SteamWriteOperatorCoordinator
用来生成requested状态的compaction instant,CompactionPlanOperator
用来获取到这些compaction instant,读取保存的执行计划然后发往下游。
@Override
public void notifyCheckpointComplete(long checkpointId) {
try {
table.getMetaClient().reloadActiveTimeline();
// There is no good way to infer when the compaction task for an instant crushed
// or is still undergoing. So we use a configured timeout threshold to control the rollback: // {@code FlinkOptions.COMPACTION_TIMEOUT_SECONDS}, // when the earliest inflight instant has timed out, assumes it has failed // already and just rolls it back.
// comment out: do we really need the timeout rollback ? // CompactionUtil.rollbackEarliestCompaction(table, conf);
scheduleCompaction(table, checkpointId);
} catch (Throwable throwable) {
// make it fail-safe
LOG.error("Error while scheduling compaction plan for checkpoint: " + checkpointId, throwable);
}
}
scheduleCompaction
方法读取第一个状态为reqested状态的compaction instant,获取到它的compaction plan,将该compaction涉及到的compaction plan中的compactionOperation
(即Compaction操作涉及到的file group信息)包装为CompactionPlanEvent
发往下游。
private void scheduleCompaction(HoodieFlinkTable<?> table, long checkpointId) throws IOException {
// 获取包含所有pending compaction的timeline
HoodieTimeline pendingCompactionTimeline = table.getActiveTimeline().filterPendingCompactionTimeline();
// the first instant takes the highest priority.
// 找到时间最早的requested compaction instant
Option<HoodieInstant> firstRequested = pendingCompactionTimeline
.filter(instant -> instant.getState() == HoodieInstant.State.REQUESTED).firstInstant();
// record metrics
compactionMetrics.setFirstPendingCompactionInstant(firstRequested);
compactionMetrics.setPendingCompactionCount(pendingCompactionTimeline.countInstants());
// 如果没有requested状态的compaction instant,说明没有必要schedule
if (!firstRequested.isPresent()) {
// do nothing.
LOG.info("No compaction plan for checkpoint " + checkpointId);
return;
}
// 获取这个requested compaction instant对应的时间
String compactionInstantTime = firstRequested.get().getTimestamp();
// generate compaction plan
// should support configurable commit metadata
获取compaction plan
HoodieCompactionPlan compactionPlan = CompactionUtils.getCompactionPlan(
table.getMetaClient(), compactionInstantTime);
// 如果没有获取到有效的compactio plan
if (compactionPlan == null || (compactionPlan.getOperations() == null)
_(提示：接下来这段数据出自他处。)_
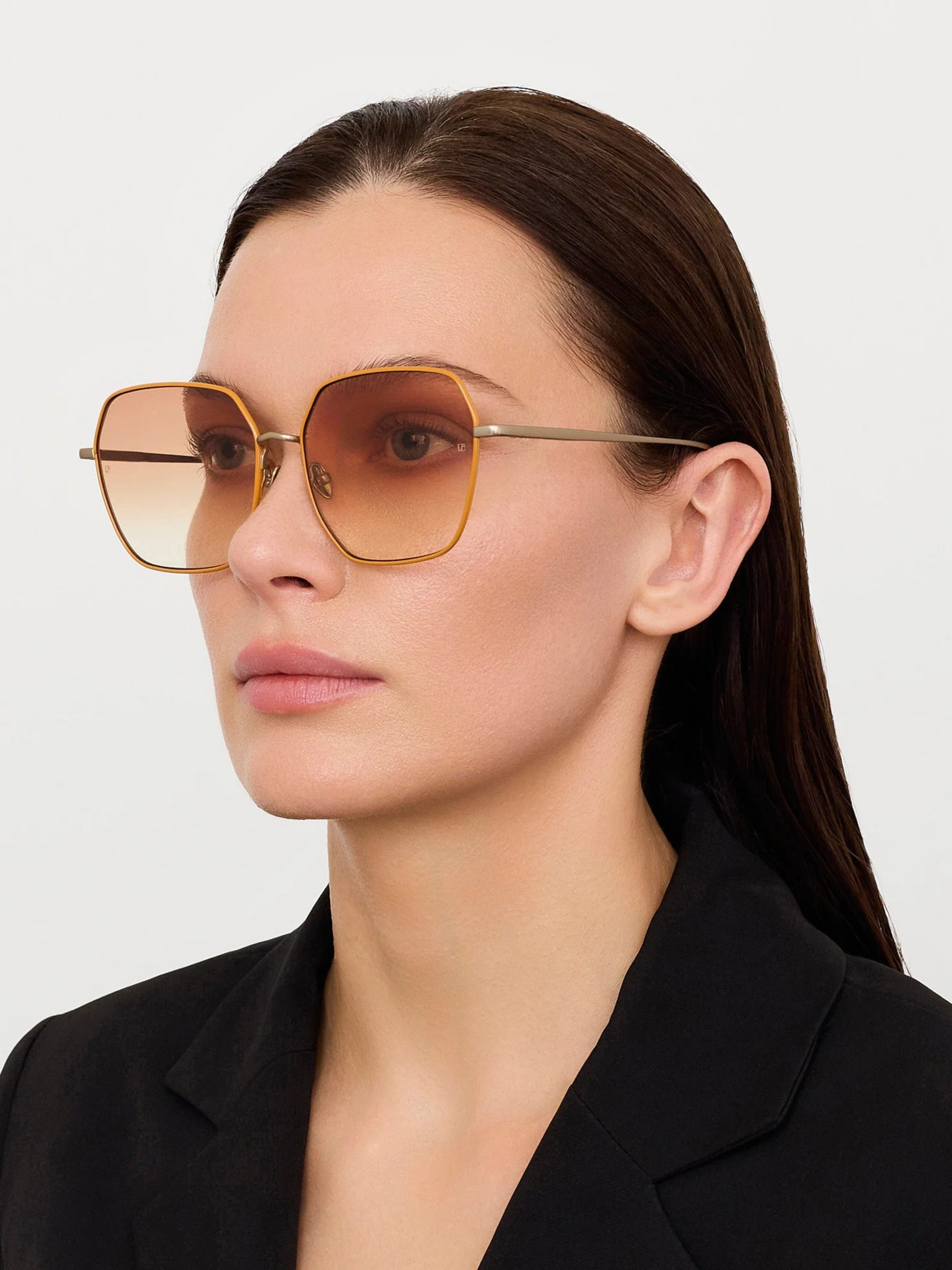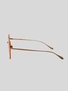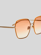 Introducing the DARCIE frame. These sunglasses feature an oversized silhouette crafted from ultra-lightweight Japanese titanium plated in matt champagne gold. The camel rim add bold contrast to the luminous gold structure. Finished with camel gradient lenses offering full UV protection, the frame features adjustable nose pads for a tailored fit.

|| (compactionPlan.getOperations().isEmpty())) {
// do nothing.
LOG.info("Empty compaction plan for instant " + compactionInstantTime);
} else {
// 获取这个requested状态的 compaction instant
HoodieInstant instant = HoodieTimeline.getCompactionRequestedInstant(compactionInstantTime);
// Mark instant as compaction inflight
// 将它的状态修改为inflight
table.getActiveTimeline().transitionCompactionRequestedToInflight(instant);
table.getMetaClient().reloadActiveTimeline();
// 获取plan中所有的compaction operation,封装为compactionPlanEvent发往下游
List<CompactionOperation> operations = compactionPlan.getOperations().stream()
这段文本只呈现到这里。